In [None]:
import nltk
from nltk.tokenize import word_tokenize
nltk.download('punkt')

# Sample text
text = "Tokenization is the process of breaking down a text into individual words or tokens."

# Tokenize the text
tokens = word_tokenize(text)

# Print the tokens
print(tokens)


[nltk_data] Downloading package punkt to /root/nltk_data...
[nltk_data]   Unzipping tokenizers/punkt.zip.
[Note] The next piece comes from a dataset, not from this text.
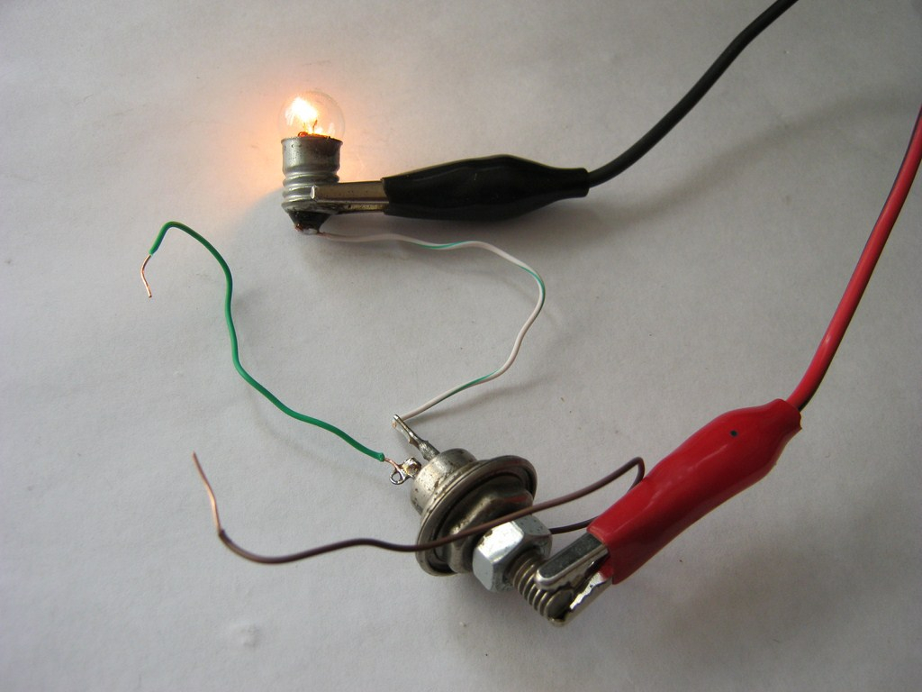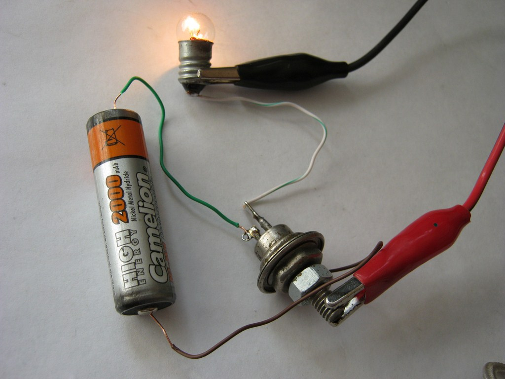 Теперь же нам надо подать относительно анода напряжение на Управляющий Электрод (УЭ). Для такого вида тиристора Uy – отпирающее постоянное напряжение управления больше чем 0,2 Вольта. Берем полуторавольтовую батарейку и подаем напряжение на УЭ. Вуаля! Лампочка зажглась!

['Tokenization', 'is', 'the', 'process', 'of', 'breaking', 'down', 'a', 'text', 'into', 'individual', 'words', 'or', 'tokens', '.']


**Stemming using NLTK:**

In [None]:
import nltk
from nltk.stem import PorterStemmer

# Sample words to stem
words = ["running", "flies", "jumping", "friendly"]

# Initialize the Porter Stemmer

stemmer = PorterStemmer()

# Stem the words
stemmed_words = [stemmer.stem(word) for word in words]

# Print the stemmed words
print(stemmed_words)


['run', 'fli', 'jump', 'friendli']


**Lemmatization using spaCy:**

In [None]:
import spacy

# Load spaCy's English language model
nlp = spacy.load("en_core_web_sm")

# Sample words to lemmatize
words = ["running", "flies", "jumping", "friendly"]

# Lemmatize the words
lemmatized_words = [token.lemma_ for token in nlp(" ".join(words))]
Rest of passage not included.